先日発表されたIntelとソニーの提携に関する話は、ほんの触りしか書かれていないが、コンテンツ保護技術のMagicGateをソフトウェアで実装したOpenMGとIntelのIntel Software Integrity Systemの相互利用に関する内容も盛り込まれた。推測の範囲は出ないが、PCへのコンテンツ保護ハードウェア内蔵(たとえばIntelチップセットにMagicGate、もしくはそれに類するハードウェアを内蔵させる)などに発展する可能性もある。
著作権保護も含んだ情報交換の手法という意味では、まだまだ色々と改良してもらわなければならない事(たとえばメモリースティックウォークマンを購入してみたが、全く使いにくくてお話にならない。気軽に音楽を持ち出せるのがウォークマンなのに、音楽を持ち出すのが面倒なデバイスはちょっと使う気にならないと思う)もあるが、クオリティの高いコンテンツ事業を根付かせ、ユーザーベースを広げる意味でも両社に努力を続けて欲しいと思う。
フラッシュメモリのフォークファクタが決まる過程では、ユーザーの一部が不利益を被り、別の一部は利益を得ることになるだろう。これはベンダにも言えることで、メモリースティックと同様にコンテンツ保護技術に対応し実装ライセンスフリーの方針を打ち出していたサンディスクのMMCなどは、今回の提携で一番不利益を被っていると思う。

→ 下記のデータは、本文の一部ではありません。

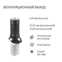 Колпак Polivent D160 с вентиляционным выходом утепленный Н500 и проходным элементом универсальный цвет серый

しかし長期的に見れば、どこかで標準が決まらなければ、マルチメディアデータの交換手法も定まってこない。フラッシュメモリが有効と思われる全てのデバイス(音楽プレーヤーだけではなく携帯電話やデジタルカメラ、ノートPCなどあらゆるモバイルデバイスが関連する)に良い影響が出ることを願いたい。
先週の記事でPメールDXが全角1,000時しか受信できないとの記述がありましたが、正しくは半角5,000文字までの受信と半角2,000字までの送信をサポートしています(本文修正済み)。訂正するとともに関係者にお詫びを申し上げます。